The irony of this acerbic social critique was that this was the life Picabia both enjoyed, and hated, so much. By 1932 he wrote of the ‘nauseating types who populate this region’, but he continued to live there until 1945. However, it was this tension that stoked the raging fire of his strange and intoxicated imagination. He just couldn’t help himself.
During the Second World War, living under the pressures of Vichy France, this self-mockery took a further turn with his series of ‘pin-up’ paintings – erotically charged, kitschy, proto-Pop realist works whose unsettlingly cheery imagery was drawn from popular culture. Picabia was the master of creating artworks that worked as masks, both suggesting and concealing the emptiness of the Western culture around him.
Part of this outlook was no doubt tempered by his health – Picabia had repeated bouts of illness and depression.

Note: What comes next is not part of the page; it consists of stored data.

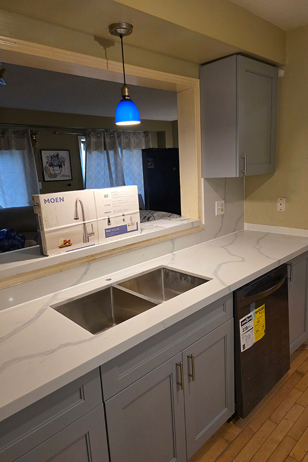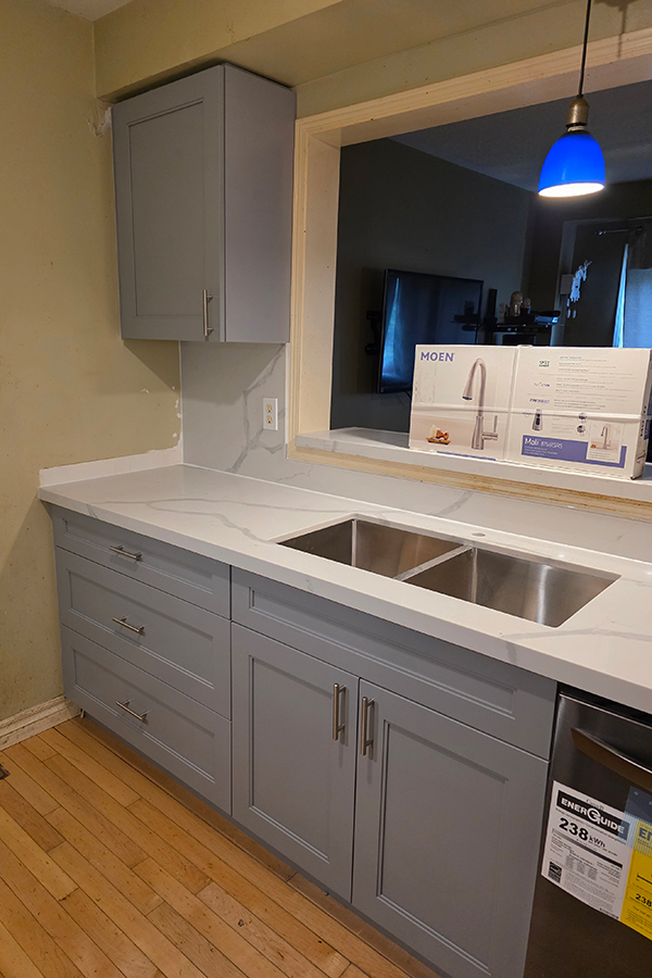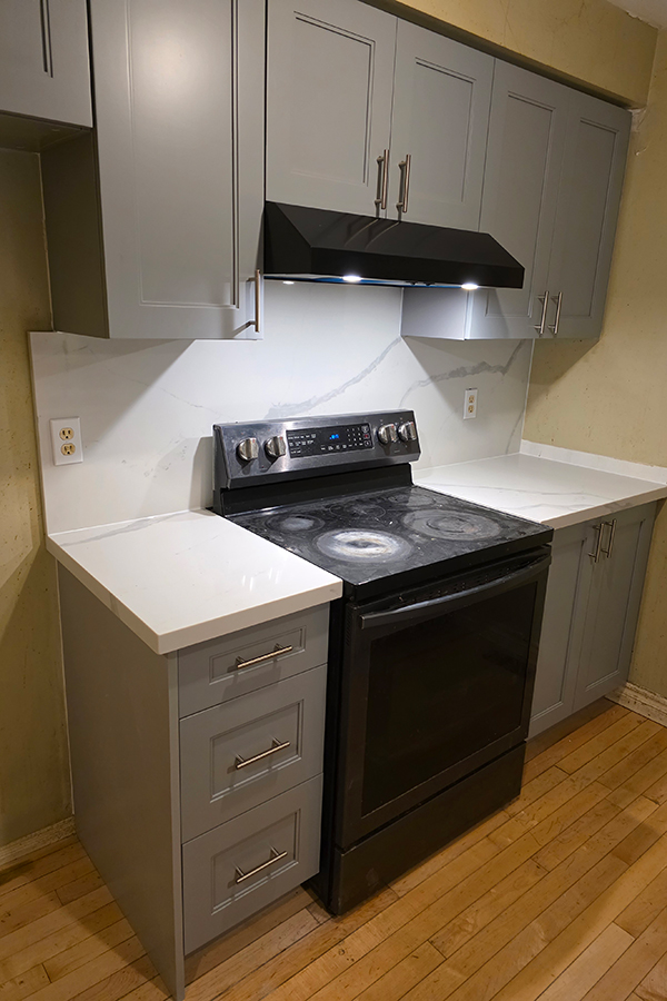 This Mississauga kitchen project features Standard Kitchen Cabinets crafted for durability, functionality, and a clean modern look. With Painted HDF Doors, elegant Step Shaker-style profiles, and a seamless Quartz Countertop & Backsplash, the space delivers a perfect blend of timeless charm and contemporary finish.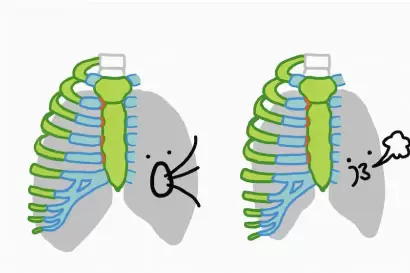 肺が空気で満たされると肋骨いっぱいに広がる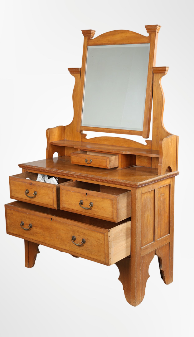 Edwardian Satinwood dressing table with large centre mirror, with two short over a single long drawer, on bracket feet.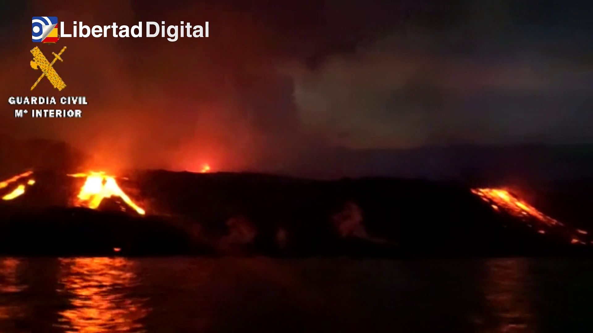 Nuevas imágenes de la cascada de lava llegando al mar captadas por una patrullera del Servicio Marítimo de la Guardia Civil durante esta noche.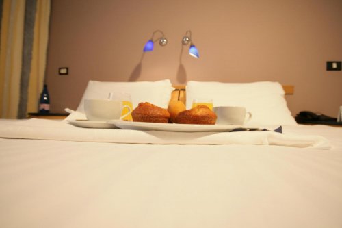 La prima colazione è la specialità della struttura, con il suo buffet internazionale che offre prodotti freschi e genuini. Ogni giorno, tra le 07:00 e le 10:30 viene servita una grande varietà di dolci fatti in casa e biscotti, cereali, yogurt, salumi e formaggi. Per chi desidera una colazione più energetica, vi è anche una zona dove gli ospiti possono servirsi di uova strapazzate, salsicce e bacon, nonché vari tipi di pizza, focaccia e pane.

Yet at the heart of his work there is a vibrant, neurotic sense of humour that fizzes and burns throughout his career, one which is still apparent in his late, seemingly melancholic dot-filled abstract paintings, which are as much self-portraits as they are a perfect exercise in slow self-erasure.
Despite this, Picabia remained an artist who seemed to sense the edginess of every decade in which he lived, and his art never sunk into apathy or repetition. His persistent need to continually transform, experiment, and reinvent are among the qualities that make him one of the 20th-century greats. In later years Gertrude Stein would grow to understand and appreciate this methodology in Picabia. She recognised his irrepressible talent as something original and important. As she would write: ‘he understands and invents everything’. No wonder generations of artists since the 1960s have been such fans of the funny guy.
‘Francis Picabia: A Retrospective’ is at the Kunsthaus Zürich until 25 September.